§ Goal of the exercise
Return all of the data verbatim, dropping any picture.

§ Available data
##############################
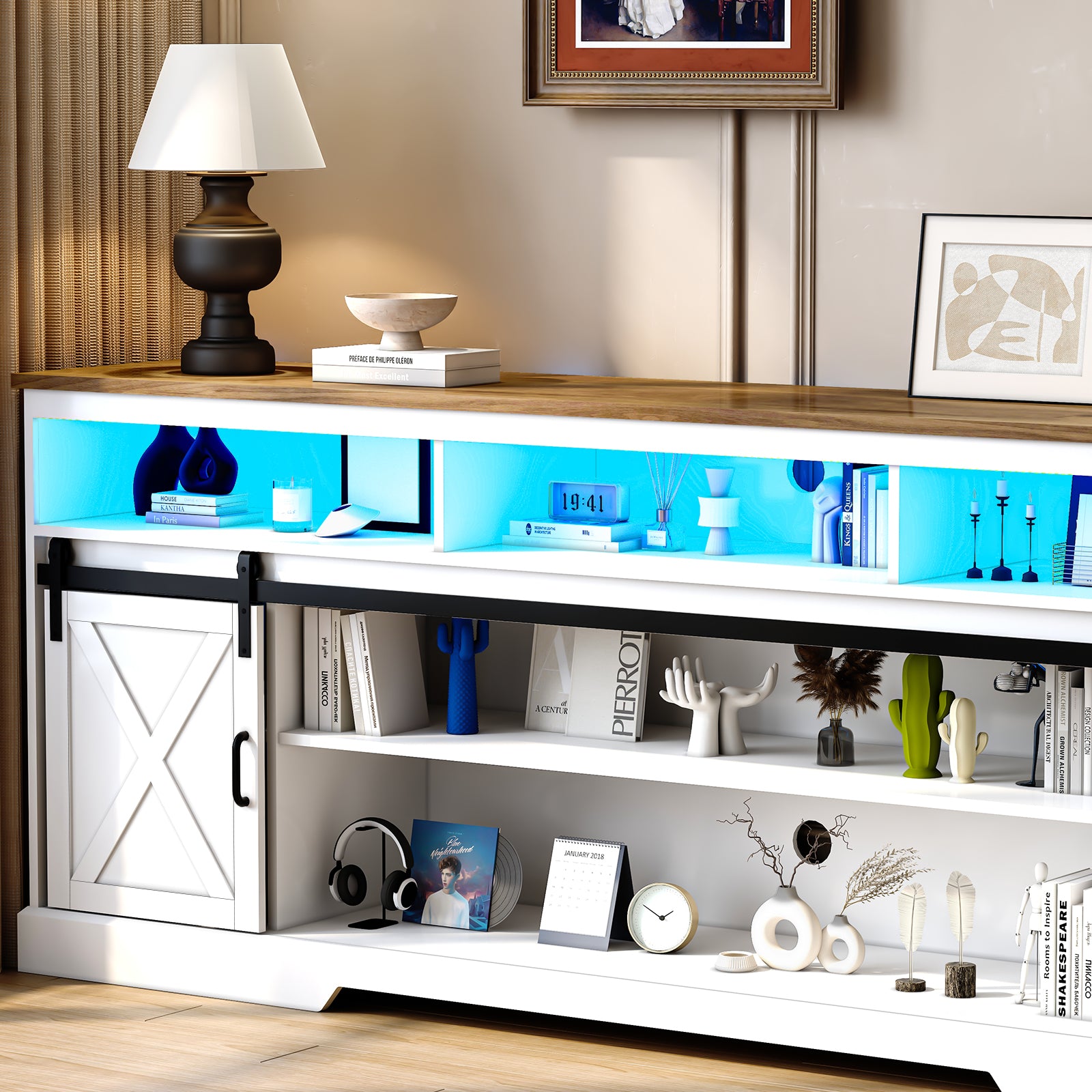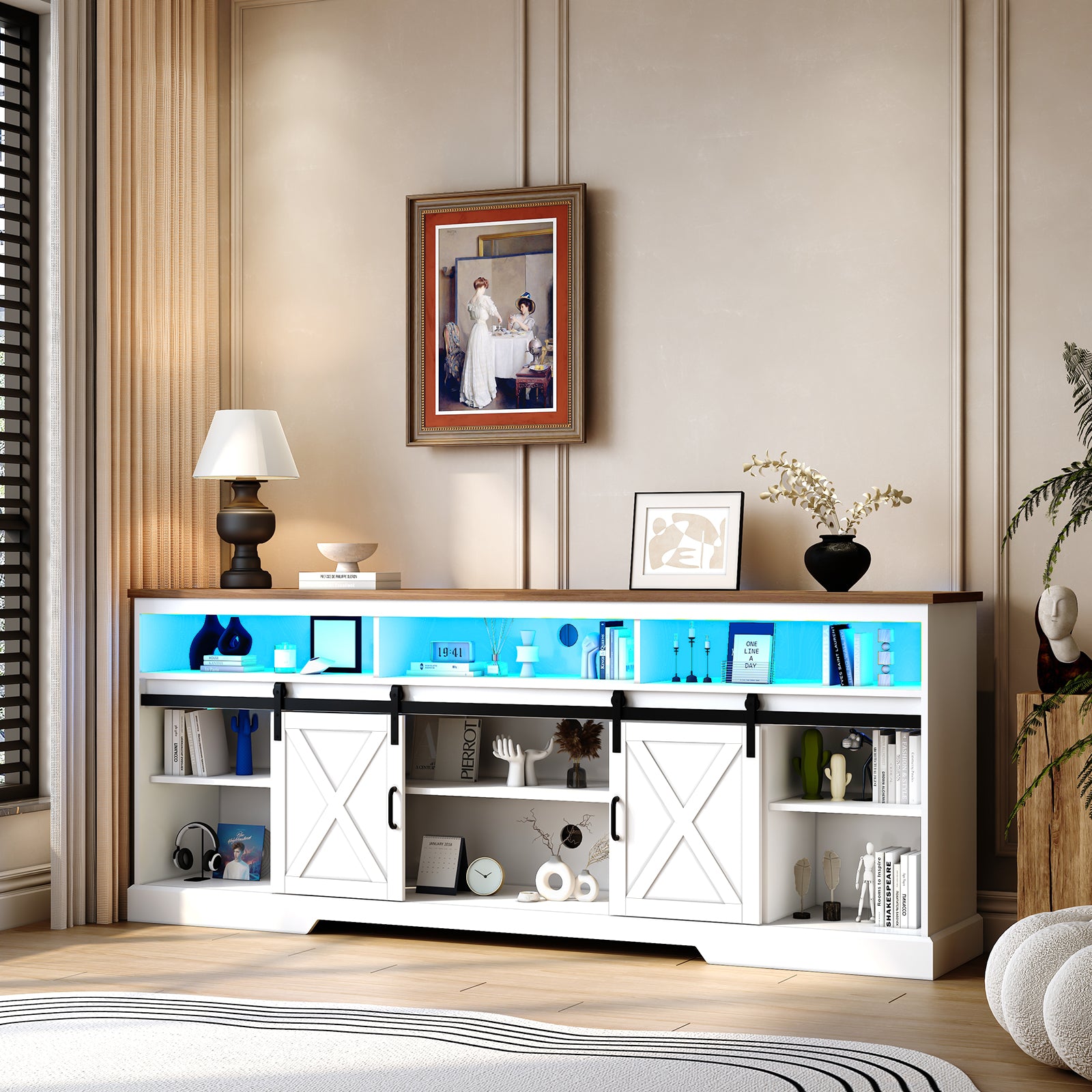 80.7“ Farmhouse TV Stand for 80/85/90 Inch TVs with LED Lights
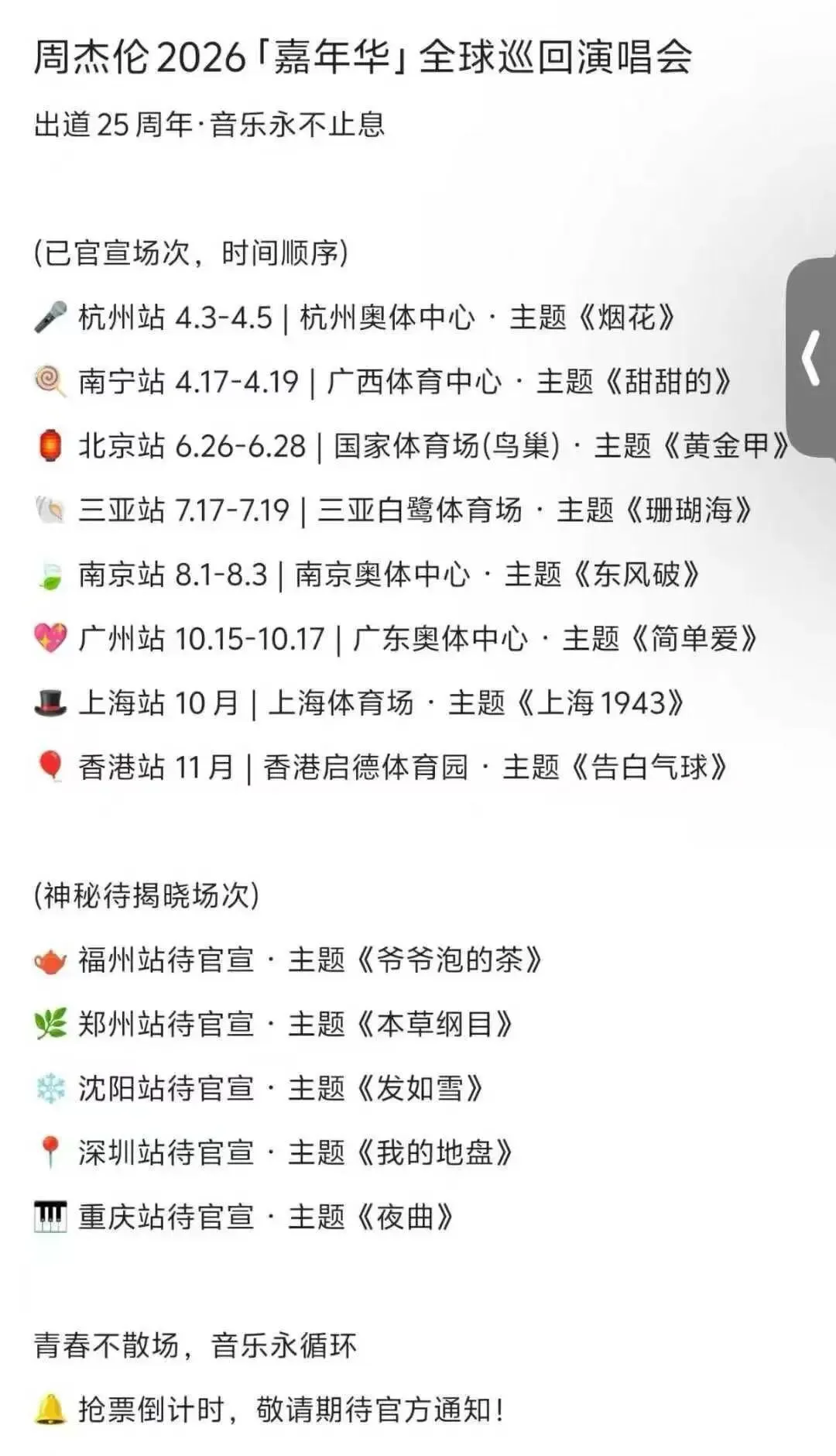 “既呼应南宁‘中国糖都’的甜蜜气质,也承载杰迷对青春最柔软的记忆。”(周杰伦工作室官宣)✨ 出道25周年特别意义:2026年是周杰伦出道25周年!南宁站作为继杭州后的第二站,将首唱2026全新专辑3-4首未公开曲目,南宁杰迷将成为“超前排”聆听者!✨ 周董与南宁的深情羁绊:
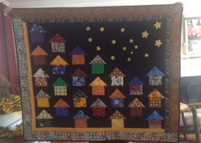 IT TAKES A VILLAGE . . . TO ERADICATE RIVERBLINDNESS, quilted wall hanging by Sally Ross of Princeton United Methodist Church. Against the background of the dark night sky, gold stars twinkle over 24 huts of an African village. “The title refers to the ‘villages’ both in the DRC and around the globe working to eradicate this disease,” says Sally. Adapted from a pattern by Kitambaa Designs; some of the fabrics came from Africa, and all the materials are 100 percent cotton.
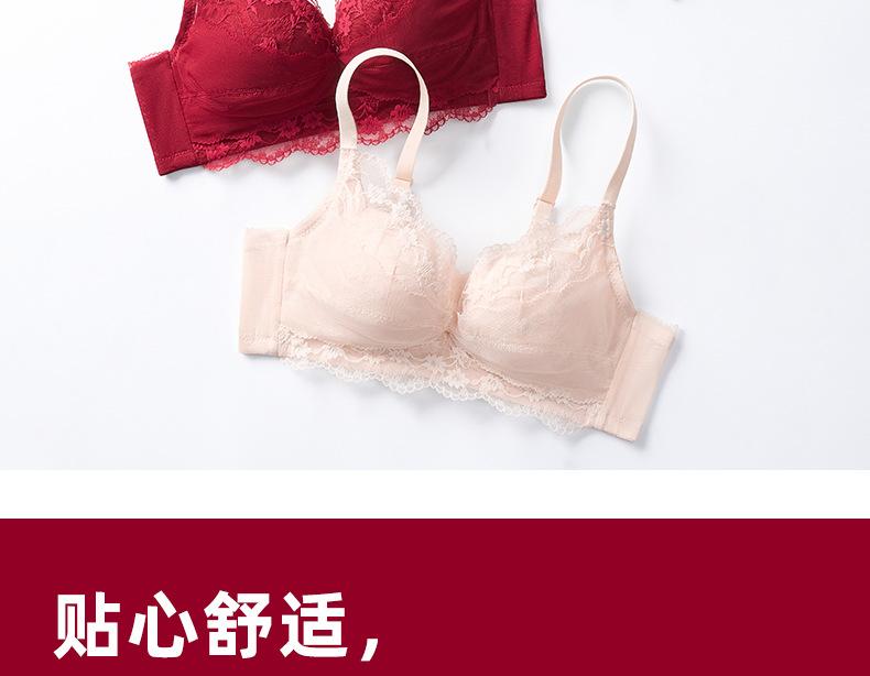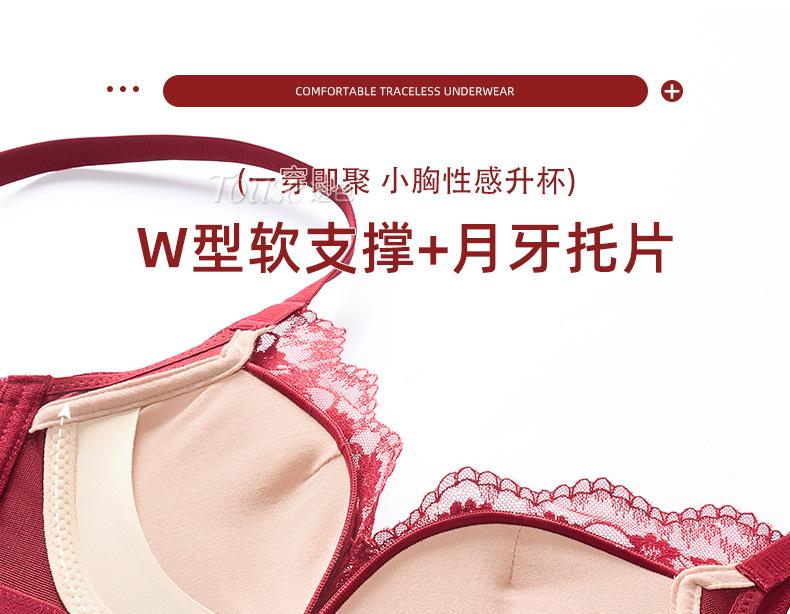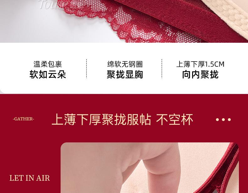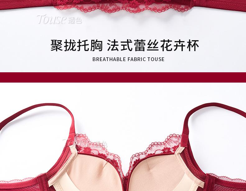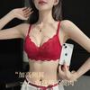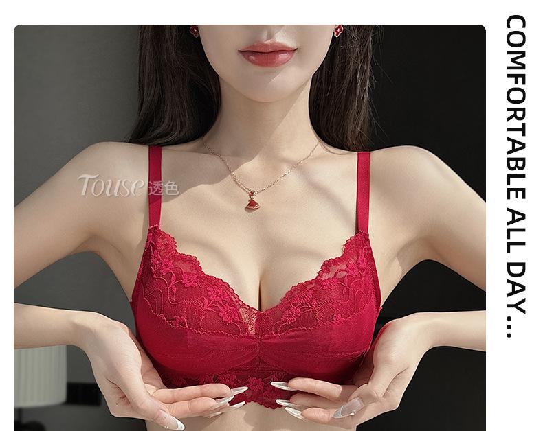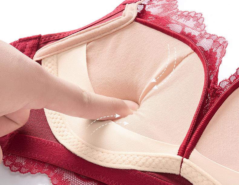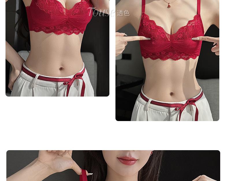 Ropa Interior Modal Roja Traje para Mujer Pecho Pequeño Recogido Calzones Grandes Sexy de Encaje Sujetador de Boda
##############################
§ Result
 80.7“ Farmhouse TV Stand for 80/85/90 Inch TVs with LED Lights
 “既呼应南宁‘中国糖都’的甜蜜气质,也承载杰迷对青春最柔软的记忆。”(周杰伦工作室官宣)✨ 出道25周年特别意义:2026年是周杰伦出道25周年!南宁站作为继杭州后的第二站,将首唱2026全新专辑3-4首未公开曲目,南宁杰迷将成为“超前排”聆听者!✨ 周董与南宁的深情羁绊:
 IT TAKES A VILLAGE . . . TO ERADICATE RIVERBLINDNESS, quilted wall hanging by Sally Ross of Princeton United Methodist Church. Against the background of the dark night sky, gold stars twinkle over 24 huts of an African village. “The title refers to the ‘villages’ both in the DRC and around the globe working to eradicate this disease,” says Sally. Adapted from a pattern by Kitambaa Designs; some of the fabrics came from Africa, and all the materials are 100 percent cotton.
 Ropa Interior Modal Roja Traje para Mujer Pecho Pequeño Recogido Calzones Grandes Sexy de Encaje Sujetador de Boda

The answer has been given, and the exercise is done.